▶ [Assignment] An exact copy of every record is needed, with all pictures omitted.

▶ [Provided information]
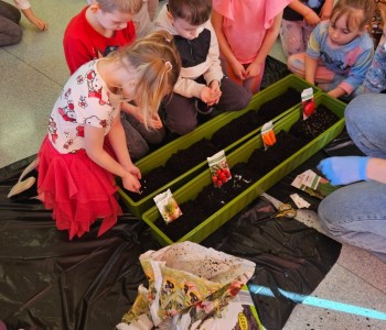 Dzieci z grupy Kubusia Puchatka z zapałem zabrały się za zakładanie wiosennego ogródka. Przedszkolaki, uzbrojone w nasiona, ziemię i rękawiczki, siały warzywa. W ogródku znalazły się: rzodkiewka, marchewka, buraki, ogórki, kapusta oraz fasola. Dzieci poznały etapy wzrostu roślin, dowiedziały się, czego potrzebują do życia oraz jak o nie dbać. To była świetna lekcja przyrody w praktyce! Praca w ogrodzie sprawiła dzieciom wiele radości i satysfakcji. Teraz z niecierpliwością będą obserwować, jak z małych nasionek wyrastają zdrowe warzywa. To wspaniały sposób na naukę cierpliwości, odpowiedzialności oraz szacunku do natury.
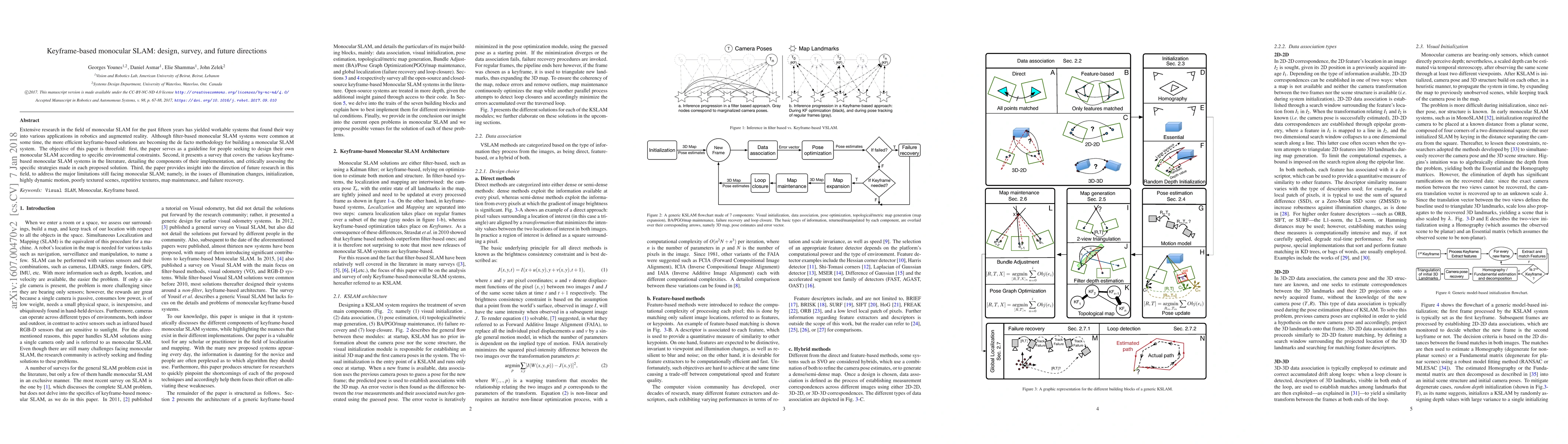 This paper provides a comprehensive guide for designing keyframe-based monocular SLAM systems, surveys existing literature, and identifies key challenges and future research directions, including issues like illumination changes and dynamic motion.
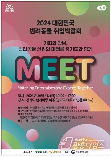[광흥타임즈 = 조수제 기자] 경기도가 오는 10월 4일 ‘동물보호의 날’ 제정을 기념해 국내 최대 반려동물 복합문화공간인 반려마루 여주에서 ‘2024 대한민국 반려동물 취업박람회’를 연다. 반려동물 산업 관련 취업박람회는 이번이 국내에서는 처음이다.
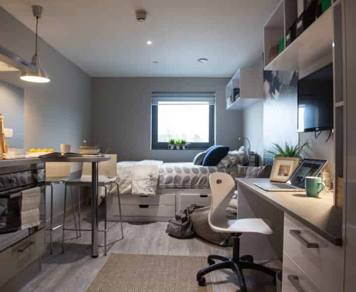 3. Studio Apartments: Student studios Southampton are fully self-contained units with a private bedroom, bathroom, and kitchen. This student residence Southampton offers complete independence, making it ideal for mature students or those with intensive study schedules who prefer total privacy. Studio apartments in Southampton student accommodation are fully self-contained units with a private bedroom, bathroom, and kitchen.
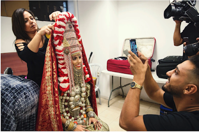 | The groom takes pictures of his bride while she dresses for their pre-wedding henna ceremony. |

▶ [Result of the exercise]
 Dzieci z grupy Kubusia Puchatka z zapałem zabrały się za zakładanie wiosennego ogródka. Przedszkolaki, uzbrojone w nasiona, ziemię i rękawiczki, siały warzywa. W ogródku znalazły się: rzodkiewka, marchewka, buraki, ogórki, kapusta oraz fasola. Dzieci poznały etapy wzrostu roślin, dowiedziały się, czego potrzebują do życia oraz jak o nie dbać. To była świetna lekcja przyrody w praktyce! Praca w ogrodzie sprawiła dzieciom wiele radości i satysfakcji. Teraz z niecierpliwością będą obserwować, jak z małych nasionek wyrastają zdrowe warzywa. To wspaniały sposób na naukę cierpliwości, odpowiedzialności oraz szacunku do natury.
 This paper provides a comprehensive guide for designing keyframe-based monocular SLAM systems, surveys existing literature, and identifies key challenges and future research directions, including issues like illumination changes and dynamic motion.
[광흥타임즈 = 조수제 기자] 경기도가 오는 10월 4일 ‘동물보호의 날’ 제정을 기념해 국내 최대 반려동물 복합문화공간인 반려마루 여주에서 ‘2024 대한민국 반려동물 취업박람회’를 연다. 반려동물 산업 관련 취업박람회는 이번이 국내에서는 처음이다.
 3. Studio Apartments: Student studios Southampton are fully self-contained units with a private bedroom, bathroom, and kitchen. This student residence Southampton offers complete independence, making it ideal for mature students or those with intensive study schedules who prefer total privacy. Studio apartments in Southampton student accommodation are fully self-contained units with a private bedroom, bathroom, and kitchen.
 | The groom takes pictures of his bride while she dresses for their pre-wedding henna ceremony. |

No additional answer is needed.